_EXERCISE DIRECTIONS_.
Retype the records below from their first line through the line holding "Septikill Ointment is a", including both ends and no pictures.

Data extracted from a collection

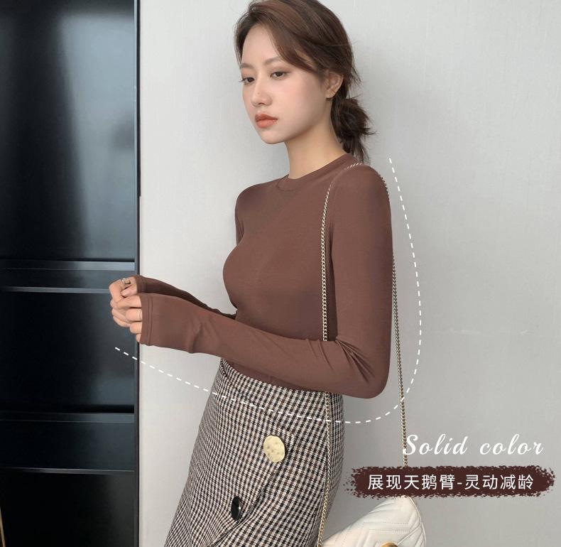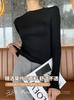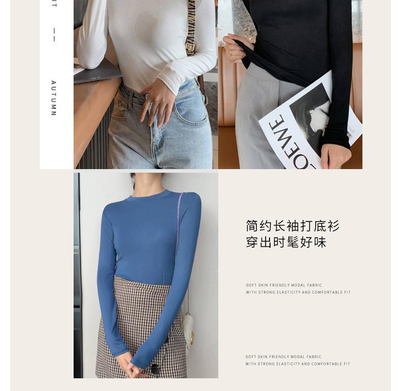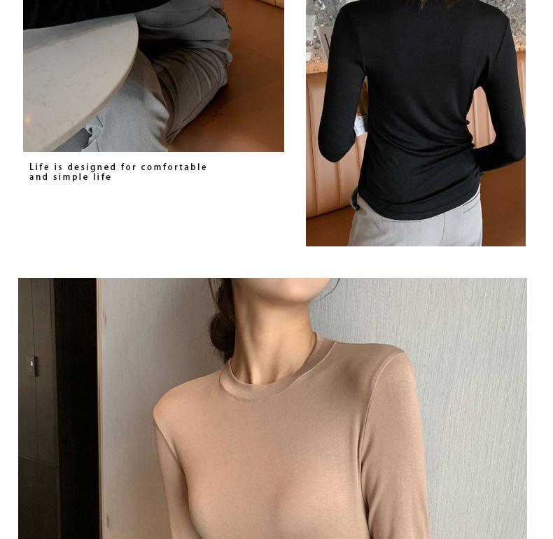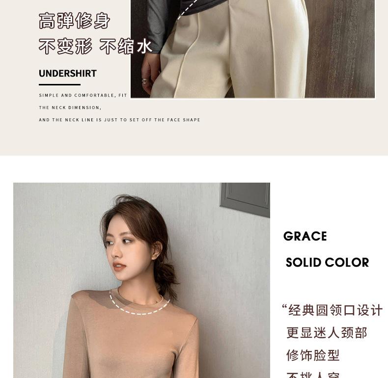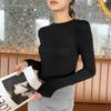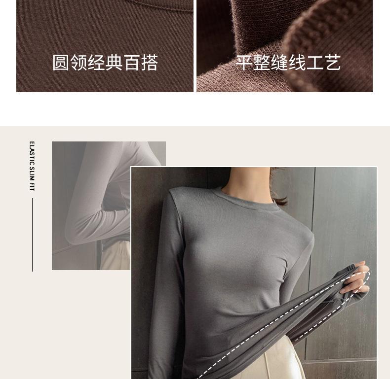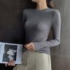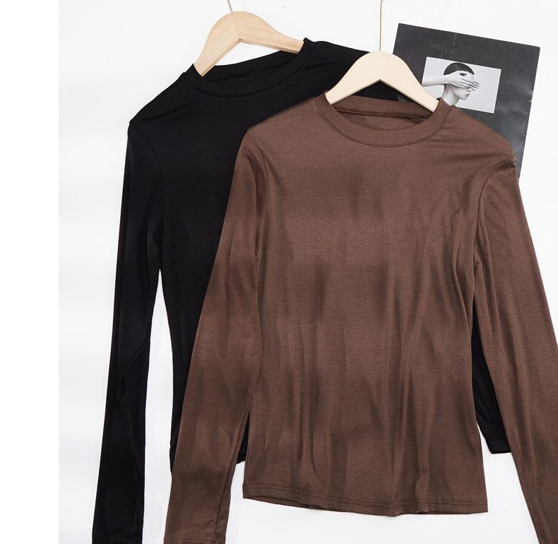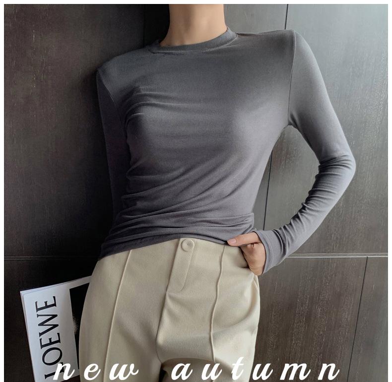 Camiseta Base de Capa Interior de Otoño e Invierno Seleccionada Cuidadosamente para Mujer, Modal de Manga Larga Adelgazante de Color Sólido de Alta Gama con Hombro Recto y Cuello Redondo
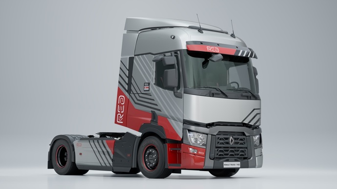 Grautöne sowie den für Renault Trucks typischen roten Farbton auf. Dynamische grafische Linien an den Fahrzeugseiten sollen für das neue Logo von Renault Trucks stehen.
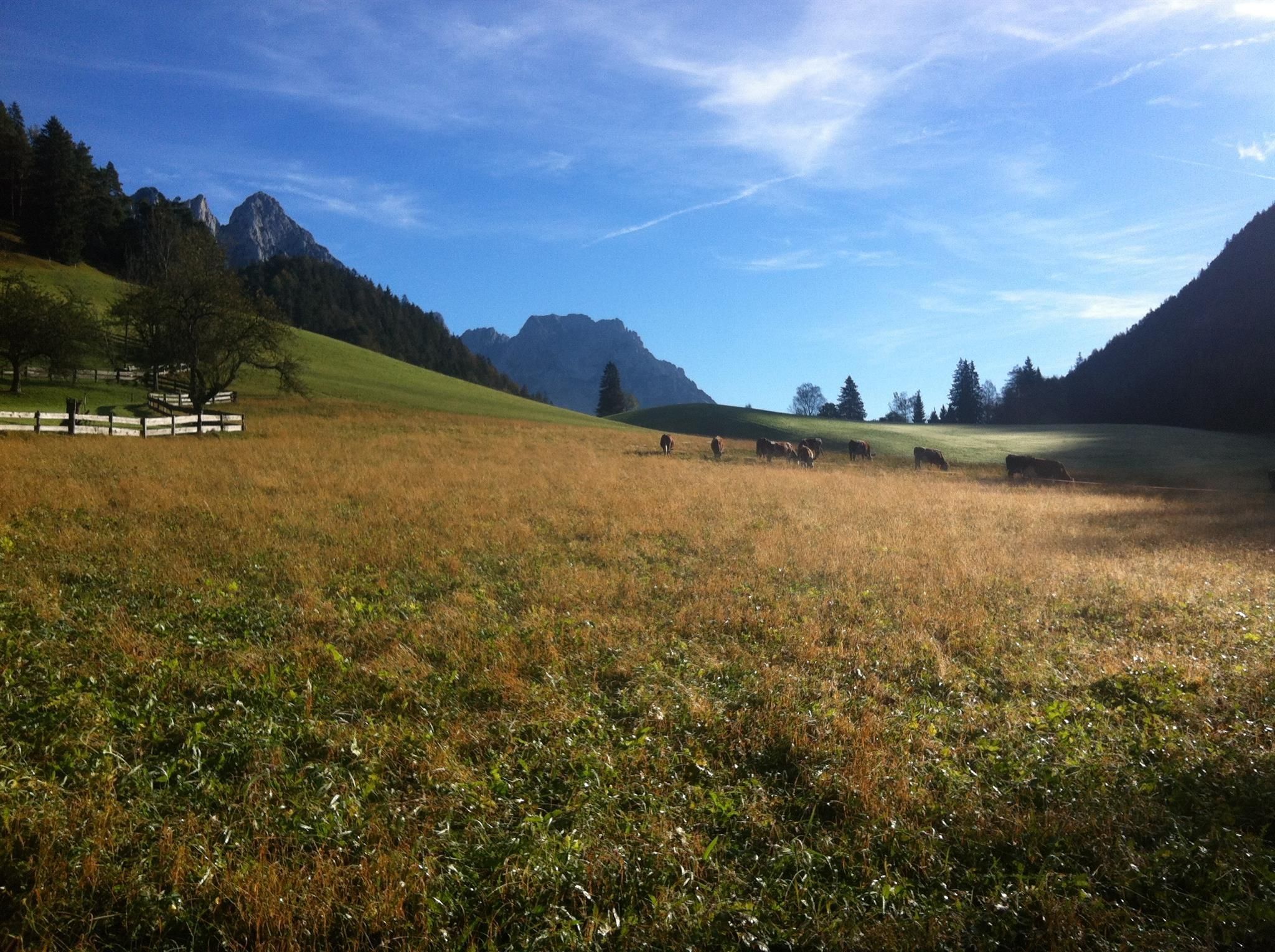 Numerous possibilities for walking, starting in front of the house. Discover at Wilder Kaiser mountains with a guide. We organise hiking, climbing or ski excursions. In winter you can reach the cable car station in Scheffau in a view minutes with the free ski shuttle.
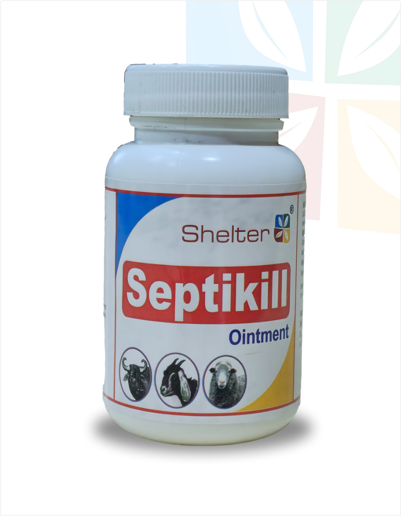 Septikill Ointment is a broad-spectrum multipurpose ointment for external use in animals for various skin diseases. Septikill Ointment is used as an antiseptic, bactericidal, fungicidal, anti-pruritic, and anti-inflammatory agent. It helps to treat injuries and all types of wounds.
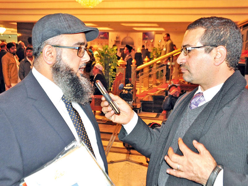 - المسألة ليست وجود 2000 مسجد في بريطانيا، فعدد المسلمين قليل بالنسبة لمجموع الشعب البريطاني، ولكن نجد في العالم كله وليس فقط في بريطانيا.هناك مشكلتان؛ الأولى هي التطرف في الدين من بعض المسلمين مثل "داعش" و"القاعدة"، وهذا يسيء لصورة الإسلام، والمشكلة الثانية التطرف عند غير المسلمين، ومن هنا نحن نعمل ضد ما يسمى بـ "الإسلاموفوبيا"، لذلك لابد للمسلمين ونحن وكل المؤسسات العمل بالحكمة والموعظة الحسنة والمجادلة بالتي هي أحسن لتحسين صورة الإسلام.• كيف يتم ذلك؟- كل مؤسسة لها وسائلها، فنحن كفرع رابطة نعمل مؤتمرات يحضره المسلمون وغير المسلمين للتعريف بوسطية الإسلام ضد التطرف والإسلاموفوبيا، ثم هناك كتب نؤلفها عن وسطية الإسلام مثل أول كتاب بالإنكليزية ضد تنظيم داعش بعنوان "داعش دولة الجاهلية".• هل هناك حوار بين الإسلام والأديان الأخرى؟

_RESPONSE_.
 Camiseta Base de Capa Interior de Otoño e Invierno Seleccionada Cuidadosamente para Mujer, Modal de Manga Larga Adelgazante de Color Sólido de Alta Gama con Hombro Recto y Cuello Redondo
 Grautöne sowie den für Renault Trucks typischen roten Farbton auf. Dynamische grafische Linien an den Fahrzeugseiten sollen für das neue Logo von Renault Trucks stehen.
 Numerous possibilities for walking, starting in front of the house. Discover at Wilder Kaiser mountains with a guide. We organise hiking, climbing or ski excursions. In winter you can reach the cable car station in Scheffau in a view minutes with the free ski shuttle.
 Septikill Ointment is a broad-spectrum multipurpose ointment for external use in animals for various skin diseases. Septikill Ointment is used as an antiseptic, bactericidal, fungicidal, anti-pruritic, and anti-inflammatory agent. It helps to treat injuries and all types of wounds.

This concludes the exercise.